A study that was 16 years in the making has solved the mystery of an ultraviolet ring around a star in space.
A study that was 16 years in the making has solved the mystery of an ultraviolet ring around a star in space.
Scientists found that the ring in question, nicknamed “the Blue Ring Nebula,” is the result of an interstellar collision and is “the base of a cone-shaped cloud of fluorescing debris,” said the report “Merging Stars Produce Glowing Blue Ring Nebula.”
The debris “formed after a sun-like star collided into, and engulfed, a smaller stellar companion,” the Caltech report said.
“In fact, the scientists say two cones of material were shot out in the collision, in opposite directions. Because one of the cones is pointed directly toward Earth, it appeared to GALEX (NASA’s former Galaxy Evolution Explorer mission) as a ring,” the report said.
“The event represents the first observation by astronomers of a rare, never-before-seen phase in the evolution of stellar mergers that occurs a few thousand years into the process and is estimated to last roughly thousands to hundreds of thousands of years, a relatively short period on the timescale of cosmic events.”
Astronomers from NASA’s GALEX saw the nebula 16 years ago from space telescope images, the Caltech report said. The image has been studied since that time, and the star was named TYC 2597-735-1, said the article “A blue ring nebula from a stellar merger several thousand years ago” in its abstract on the Nature website.
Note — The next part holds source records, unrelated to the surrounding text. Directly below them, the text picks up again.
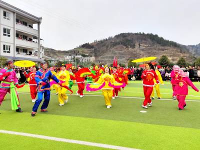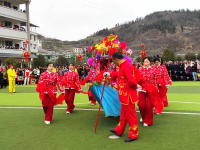 经过精彩的巡游后,该乡17个村村民和乡中心学校教师排练的锣鼓、舞龙、舞狮、彩船、秧歌、民族舞、腰鼓舞、灯舞、汉服表演等多彩活动,在竹坪小学操场轮番上阵,精彩纷呈。歌声、笑声、掌声、欢呼声与演绎声汇合成了一曲迎新春、庆升平的赞歌。
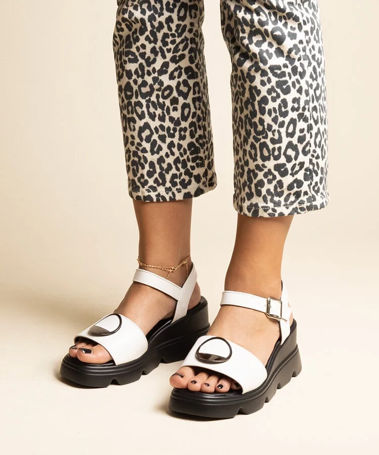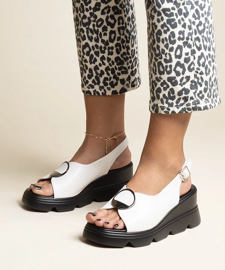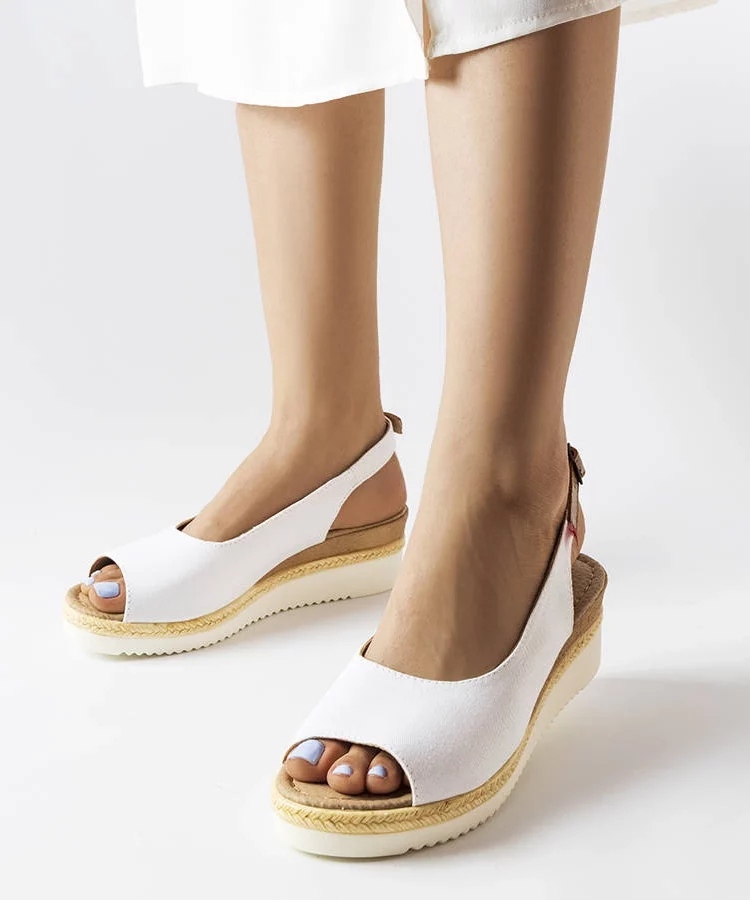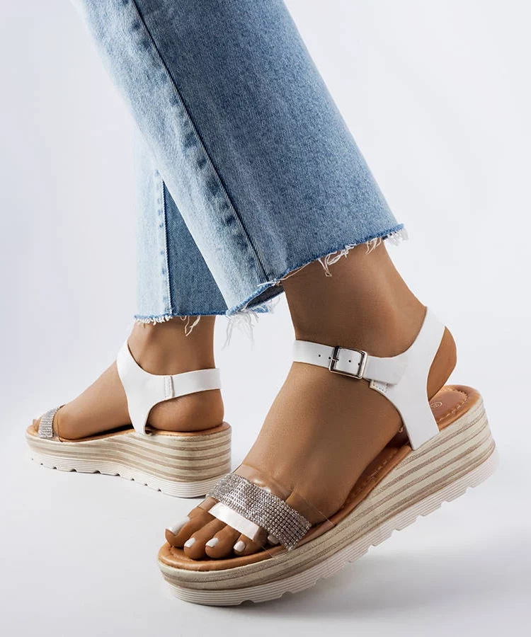 • Białe sandały na koturnie z eko skóry Maddison
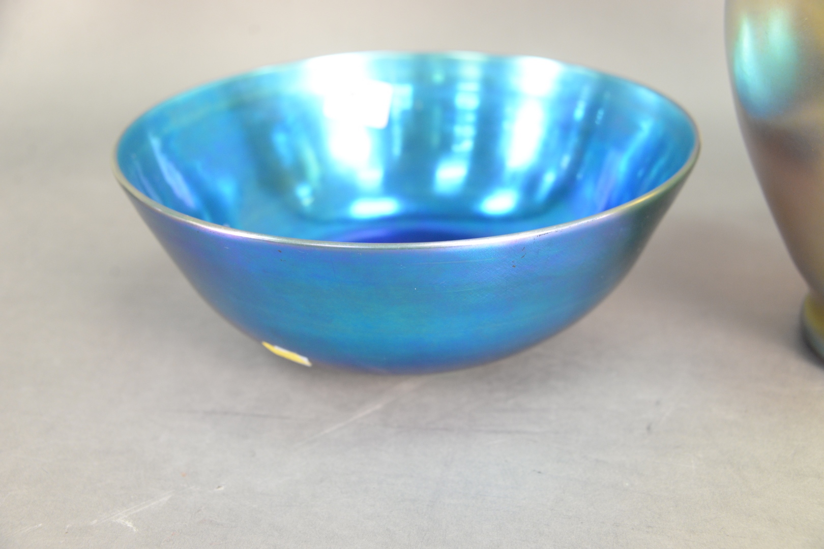 Two Steuben Art Glass Pieces, to include blue iridescent Steuben aurene glass bowl, having footed base, along with gold iridescent vase marked Aurene, (cracked), height 10 1/2 inches, diameter 11 5/8 inches.
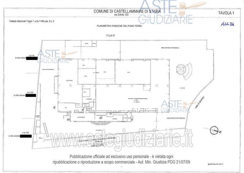 Vendita all'asta Senza incanto, con gara telematica asincrona - LOTTO UNICO:  Piena ed intera proprietà di complesso produttivo composto da opificio con adiacente struttura alberghiera ubicato in Castellammare di Stabia alla via Schito 185 (zona ASI), oltre area esterna pertinenziale, sulla quale insistono dei corpi di fabbrica e tettoie. Prezzo base € 2.880.000,00 (offerta minima € 2.160.000,00). Data inizio operazioni di vendita: 25/11/2025 ore 13:00. Giudice Emanuela Musi. Professionista delegato alla vendita Avv. Rosalba Micera - Email "rosamice@libero.it"; Cell. 3492928841. Custode Giudiziario Avv. Rosalba Micera - Email "rosamice@libero.it"; Cell. 3492928841.  Rif. Tribunale di Torre Annunziata - Esecuzione immobiliare post legge 80 n. 6/2015
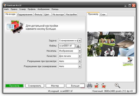 VueScan Pro - программа для работы со сканерами HP, Minolta, Nikon, Polaroid, Epson, Canon и другими. Может работать с внутренней глубиной цвета. VueScan поддерживает автоматическую и ручную настройку большинства параметров и пакетный режим сканирования. Поддерживается более 500 моделей сканеров с определенным перевесом в сторону слайд-сканеров — Nikon, Minolta, Polaroid, Microtek, Epson. Предусмотрено автоматическое удаление дефектов изображения за счет канала инфракрасного сканирования и многопроходное сканирование с последующим усреднением результата — для подавления собственных шумов сканера. Имеются фильтры подавления зерна, нерезкого маскирования и удаления паразитного оттенка оригинала. Есть средства ручной корректировки динамического диапазона и градационной характеристики (независимо по каналам R, G, B).
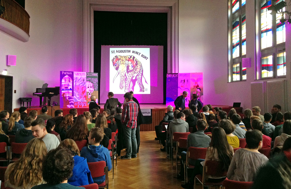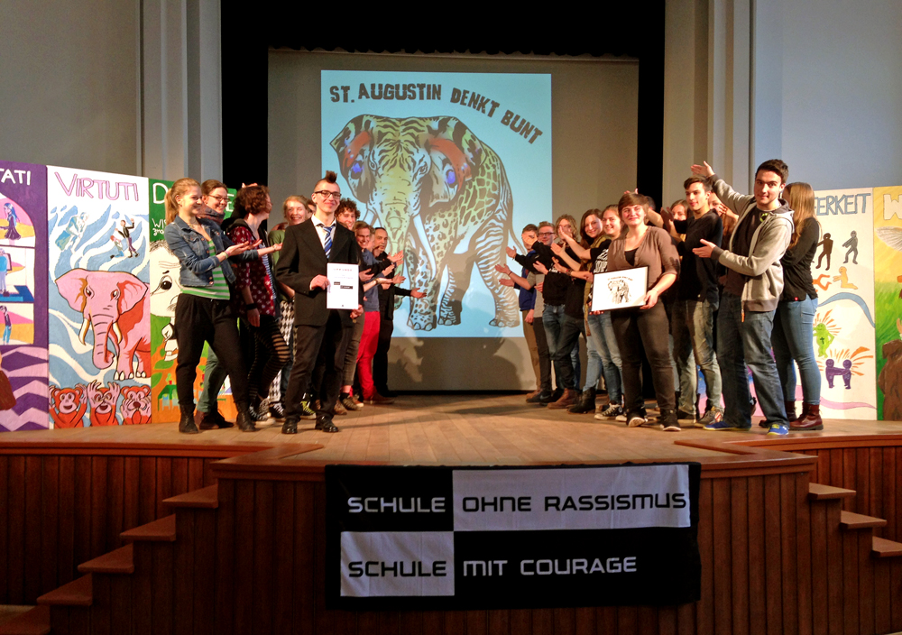 Im Jahr 2014 entstand im Schülerrat des Gymnasiums St. Augustin die Idee, das Projekt „Schule ohne Rassismus – Schule mit Courage“ durchzuführen. Im Rahmen dieses Projektes sollen an der Schule regelmäßig Workshops und Informationsveranstaltungen zu Themen wie Rassismus, Sexismus, Homophobie und andere Formen der Diskriminierung stattfinden. Um den Titel zu erhalten, müssen mindestens 70 % der Menschen, die an der Schule lernen oder arbeiten (Schüler, Lehrer, technisches Personal wie Hausmeister und Reinigungskräfte) eine Erklärung unterschreiben, in der sie sich dazu verpflichten, gegen jegliche Form von Diskriminierung aktiv einzuschreiten. An der ehemaligen Fürstenschule in Grimma konnten wir mit über 90 % Unterschriften einen großen Erfolg verbuchen. Bereits vor der eigentlichen Titelverleihung wurde von Mitgliedern der SoR-SmC-Organisationsgruppe „St. Augustin denkt bunt“ in den neunten Klassen eine Workshopreihe zum Thema Asyl durchgeführt, die unter anderem Informationen zur Situation von Asylbewerbern in Deutschland und dem Landkreis Leipzig sowie zum Entkräften von typischen Stammtischparolen umfasste.
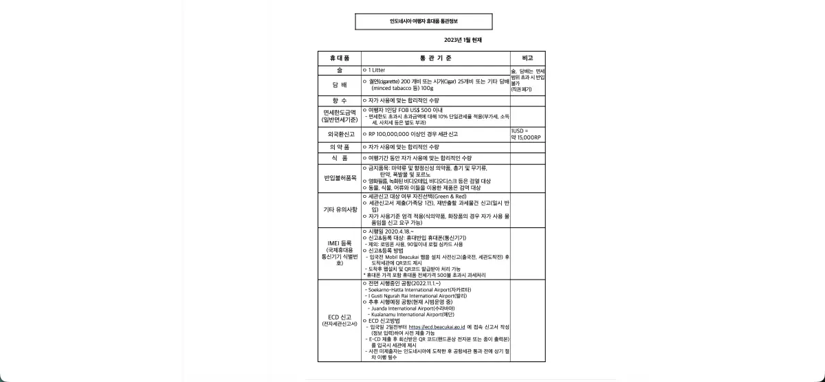 인도네시아 발리 여행자 휴대품 통관정보 공지사항
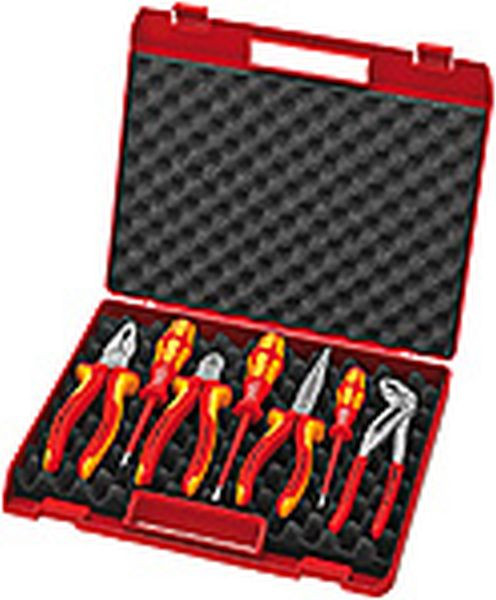 00 21 15 Werkzeug-Box "RED" Elektro Set 2 Hochwertiger und vielseitig verwendbarer, schlagfester Kunststoffkoffer. Schaumstoffeinlage mit Wabenstruktur für variable Bestückung. Abmessungen, außen (B x H x T): 340 x 56 x 275 mm. alle Zangen und Schraubendreher mit Ausnahme der Wasserpumpenzange VDE-geprüft nach DIN EN/IEC 60900. Lieferumfang: 1 x 03 06 180 Knipex Kombizange (180 mm), 1 x 88 03 180 Knipex Alligator® Wasserpumpenzange (180 mm), 1 x 70 06 160 Knipex Seitenschneider (160 mm), 1 x 26 16 200 Knipex Flachrundzange mit Schneide (Storchschnabelzange) (200 mm), 1 x 006100 Wera Schraubendreher für Schlitzschrauben 160 i (0,4 x 2,5 x 80 mm), 1 x 006152 Wera Schraubendreher, Kreuzschlitz Phillips® 162i PH (PH1 x 80 mm), 1 x 006115 Wera Schraubendreher für Schlitzschrauben 160 i (0,8 x 4,0 x 100 mm),
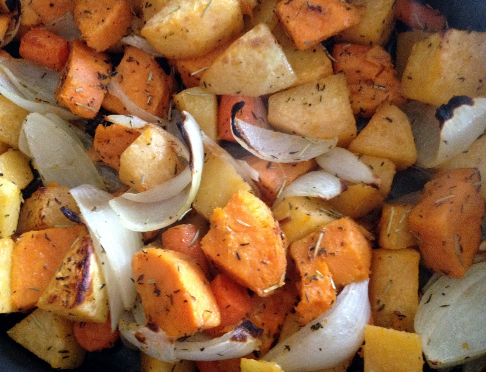 For root vegetables we use sweet potatoes, turnip, onions, carrots but really any root vegetable you like will work. Cut vegetables into 1-inch cubes. Slice onions into wedges. Coat with olive oil, herbs, and s&p. Cook at 400 degrees for 40 minutes. You may want to crank to a broil for the last 5 or 10 mins if you like them to get a little crunchy.

The abstract said that while stellar mergers are brief and common for binary star systems, they have astrophysical significance.
“For example, they may lead to the creation of atypical stars (such as magnetic stars, blue stragglers and rapid rotators), they play an important part in our interpretation of stellar populations and they represent formation channels of compact-object mergers,” the abstract said.
“Although a handful of stellar mergers have been observed directly, the central remnants of these events were shrouded by an opaque shell of dust and molecules, making it impossible to observe their final state (for example, as a single merged star or a tighter, surviving binary). Here we report observations of an unusual, ring-shaped ultraviolet (‘blue’) nebula and the star at its centre, TYC 2597-735-1. …
“TYC 2597-735-1 provides a look at an unobstructed stellar merger at an evolutionary stage between its dynamic onset and the theorized final equilibrium state, enabling the direct study of the merging process.”